A Question of Character: Finding What You Need in Your Fonts, Part 1

When I asked a few columns back about your interest in Unicode, a lot of hands shot up. But just as many of you said you wanted to know how to get at characters that have been hiding in your fonts since long before Unicode was dreamt up. Unicode may be the key to understanding and using fonts with very large character sets, but on a daily basis most of us use smaller — and often much older — fonts that present mysteries of their own.
So think of this column as “Font Exploration 101.” It will focus on excavating characters from your everyday fonts. Part 2 will delve into Unicode as well as system and application tools for exploring larger fonts, including Windows Character Map and Mac OS’s Character Palette.
The Rosetta Stone
To download a very useful document, click the link
www.adobe.com/type/pdfs/AdobeWestern2.pdf. It lists all the characters in the Adobe Western 2 character set, which Adobe now uses for as a basis for all of its so-called “Standard” fonts. (I’ll explain the Adobe Western 2 character set and Standard fonts in a bit.)
More importantly, this PDF lists the keyboard commands or other techniques that you can use to access all 228 characters in PostScript Type 1 fonts, as well as in all other newer fonts that contain the same characters. The degree symbol, multiplication sign, the cents sign, they’re all here, and much, much more.
Keep this document at your fingertips.
How We Got Here
Now you have the keyboard shortcuts, but you probably still don’t understand font format history.
When Adobe introduced PostScript in the 1980s, it created a font format to go with it, which we now call PostScript Type 1. Tens of millions of Type 1 fonts are still in circulation.
These are the icons currently associated with PostScript Type 1 fonts. In Windows, they may get the “a-for-Adobe” icon or the generic document icon shown on the right.

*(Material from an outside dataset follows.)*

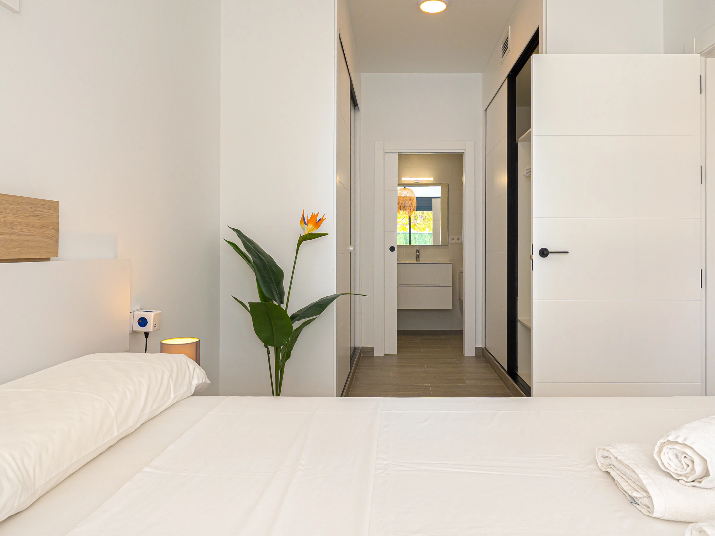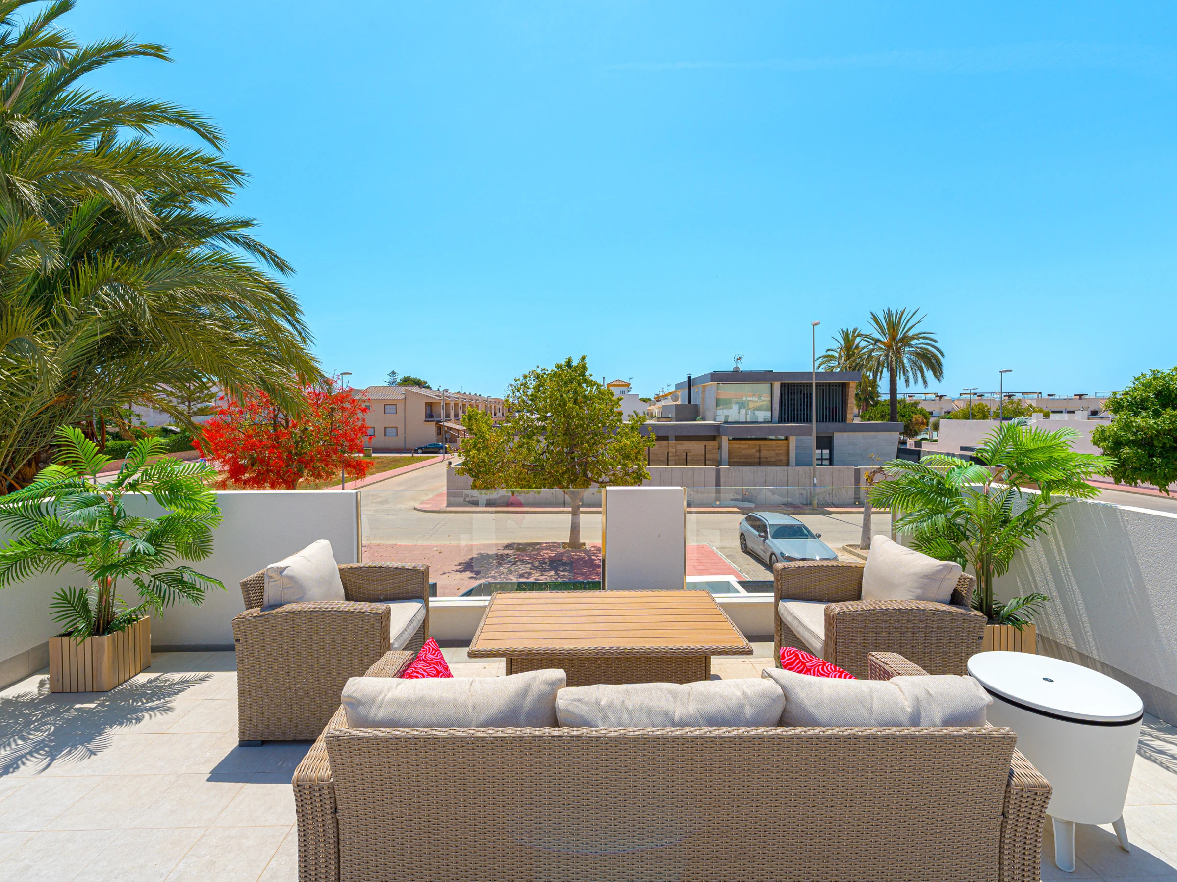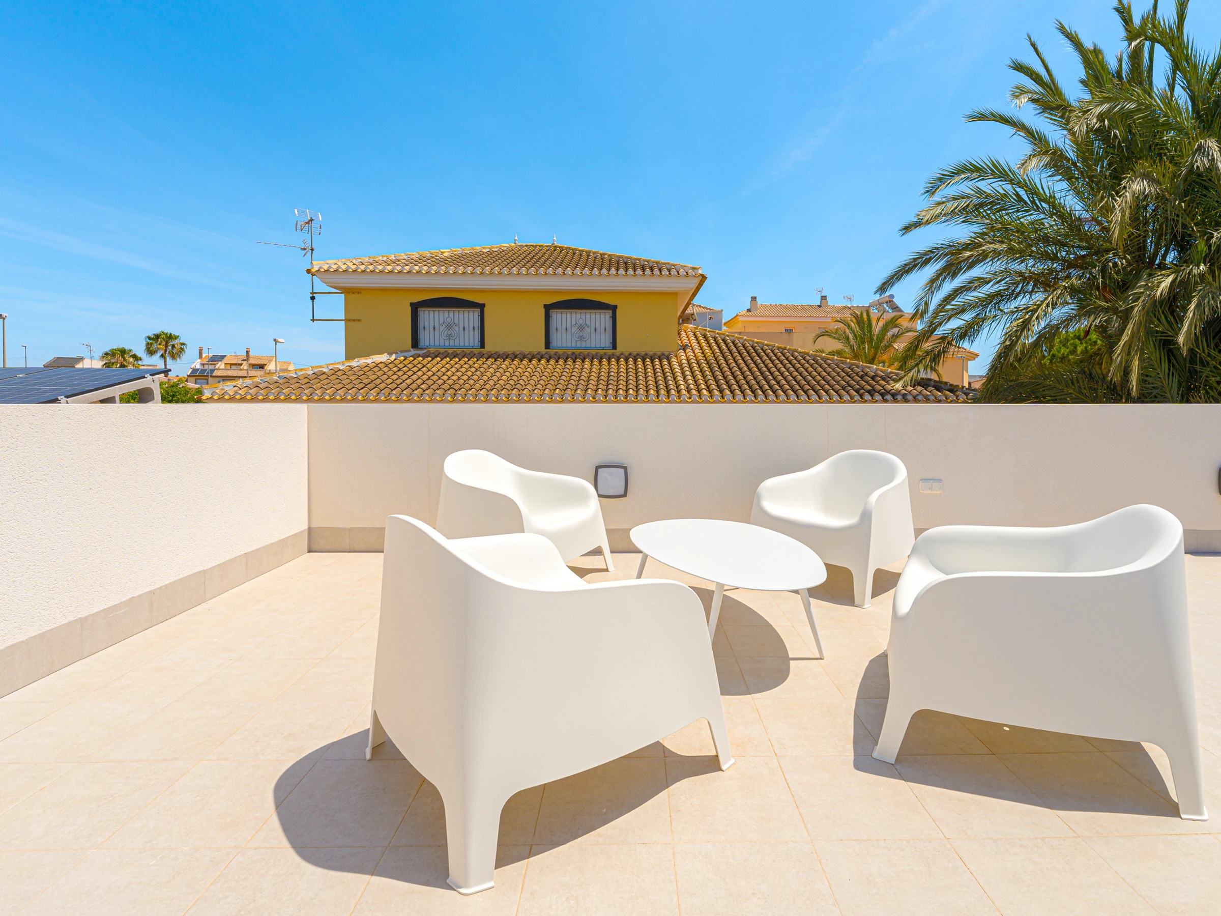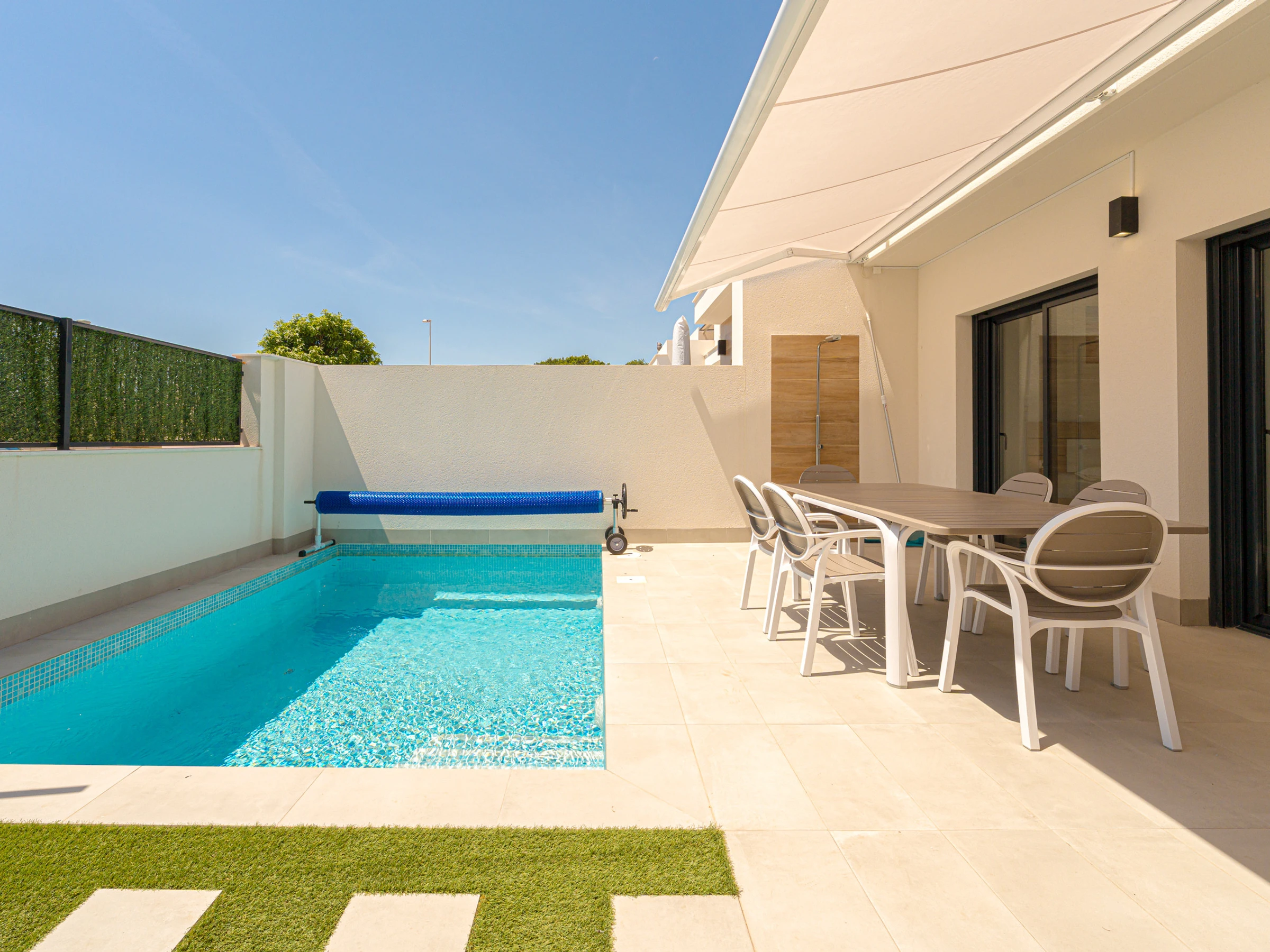 Su ubicación es inmejorable. Se encuentra a solo 4 kilómetros de la playa de Los Narejos, a 1 kilómetro del campo de golf Roda Golf, y muy cerca de restaurantes, supermercados y cafeterías. Los aeropuertos de Alicante y Murcia están a una distancia accesible, facilitando el desplazamiento.

In Windows, these font files have the file name extension .pfb or .pfm. On the Mac, they normally have no file name extensions because they predate OS X, when Apple started using them. The LWFN in the Mac icon stands for LaserWriter Font, after Apple’s first PostScript printer.
Except for fonts containing only symbols or all capitals, nearly all Type 1 fonts have a standard character set. That is, they all contain the same letters, numbers, punctuation marks, and symbols. This character set is still at the heart of almost every font you use, regardless of format.
In these fonts, each character is identified by a number from 0 to 255, because all computer systems identify characters by number, and 256 is the most numbers you can specify with a single byte of computer data. Consequently, these fonts are sometimes referred to as single-byte fonts.
In fact, these fonts contain only 228 printable characters (including the word space), with the other “slots” in the font occupied by program commands, such as Return.
These 228 characters, which comprise the standard Type 1 character set, are still included in nearly every text font.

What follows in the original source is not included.